Extracted data entries
»»
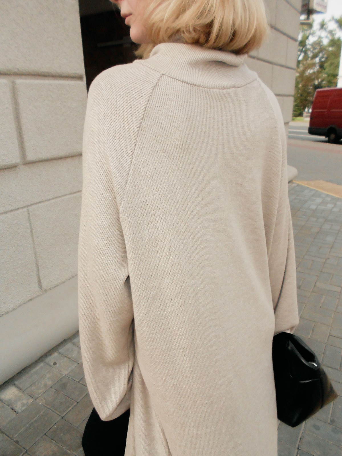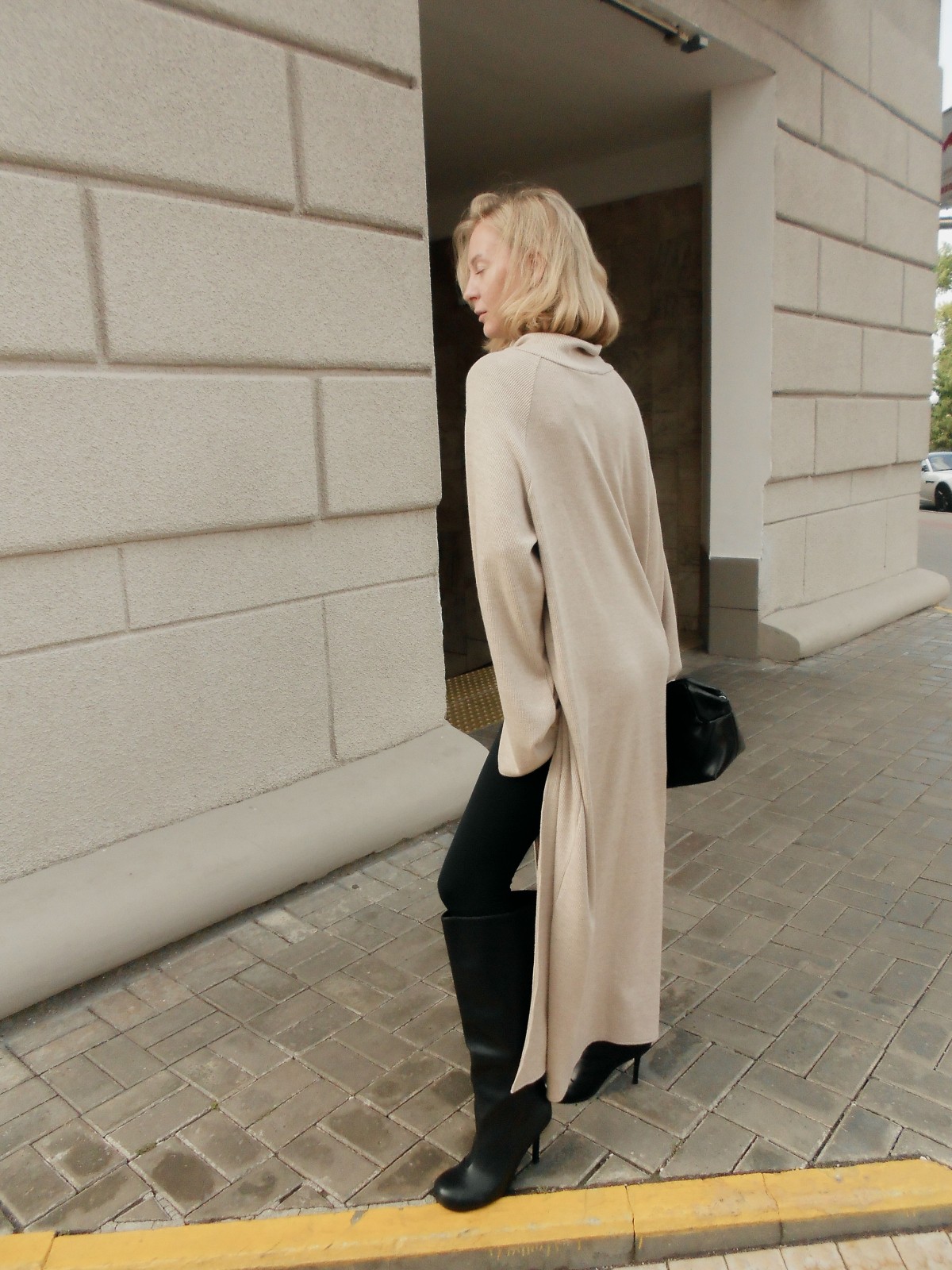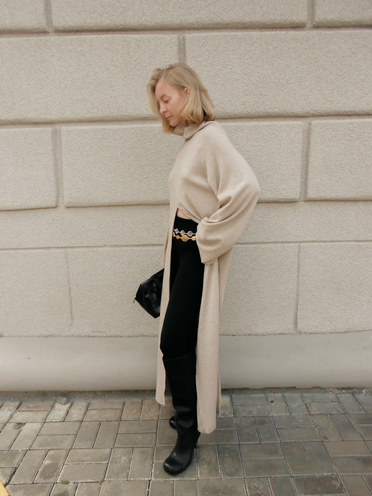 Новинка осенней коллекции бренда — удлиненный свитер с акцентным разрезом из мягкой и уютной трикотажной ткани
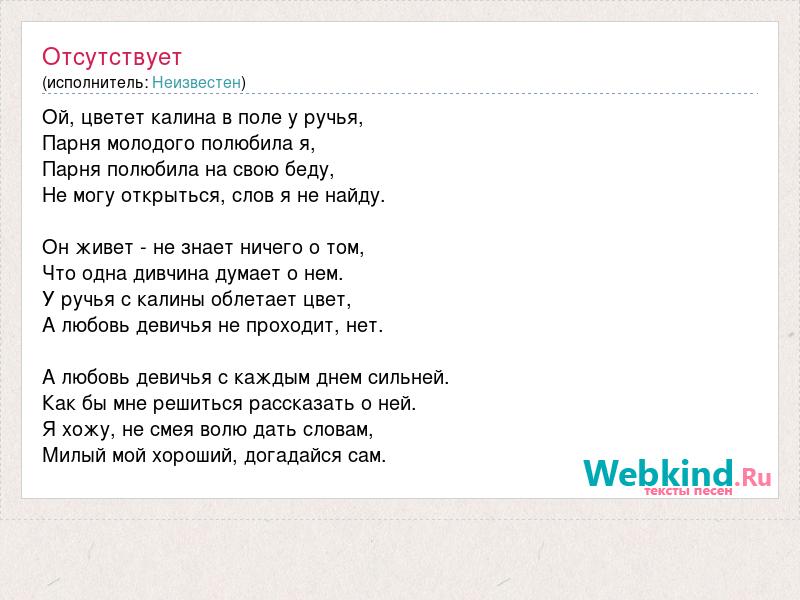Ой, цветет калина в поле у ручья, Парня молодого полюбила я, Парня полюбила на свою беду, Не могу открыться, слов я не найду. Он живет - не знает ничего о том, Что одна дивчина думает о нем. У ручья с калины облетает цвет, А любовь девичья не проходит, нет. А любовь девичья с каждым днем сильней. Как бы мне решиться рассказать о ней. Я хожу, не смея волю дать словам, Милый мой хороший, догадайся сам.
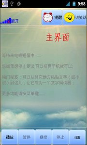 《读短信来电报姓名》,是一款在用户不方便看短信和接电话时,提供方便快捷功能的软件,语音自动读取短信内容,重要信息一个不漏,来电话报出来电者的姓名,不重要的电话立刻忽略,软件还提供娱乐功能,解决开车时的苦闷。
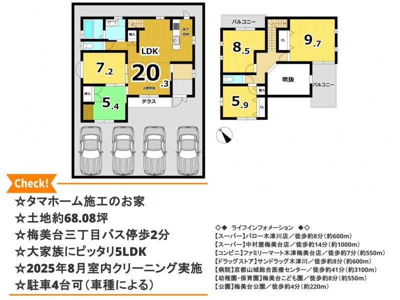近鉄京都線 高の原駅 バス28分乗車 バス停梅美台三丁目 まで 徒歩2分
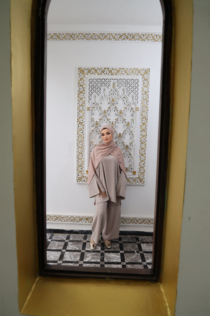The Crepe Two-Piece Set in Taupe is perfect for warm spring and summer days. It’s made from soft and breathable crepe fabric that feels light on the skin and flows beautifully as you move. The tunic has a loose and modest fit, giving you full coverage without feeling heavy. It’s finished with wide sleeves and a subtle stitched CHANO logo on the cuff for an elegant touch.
««
Please return the lines from the line with "Ой, цветет калина" through the last line of the data, both included, exactly, and without pictures.

** Task response **
Ой, цветет калина в поле у ручья, Парня молодого полюбила я, Парня полюбила на свою беду, Не могу открыться, слов я не найду. Он живет - не знает ничего о том, Что одна дивчина думает о нем. У ручья с калины облетает цвет, А любовь девичья не проходит, нет. А любовь девичья с каждым днем сильней. Как бы мне решиться рассказать о ней. Я хожу, не смея волю дать словам, Милый мой хороший, догадайся сам.
 《读短信来电报姓名》,是一款在用户不方便看短信和接电话时,提供方便快捷功能的软件,语音自动读取短信内容,重要信息一个不漏,来电话报出来电者的姓名,不重要的电话立刻忽略,软件还提供娱乐功能,解决开车时的苦闷。
近鉄京都線 高の原駅 バス28分乗車 バス停梅美台三丁目 まで 徒歩2分
The Crepe Two-Piece Set in Taupe is perfect for warm spring and summer days. It’s made from soft and breathable crepe fabric that feels light on the skin and flows beautifully as you move. The tunic has a loose and modest fit, giving you full coverage without feeling heavy. It’s finished with wide sleeves and a subtle stitched CHANO logo on the cuff for an elegant touch.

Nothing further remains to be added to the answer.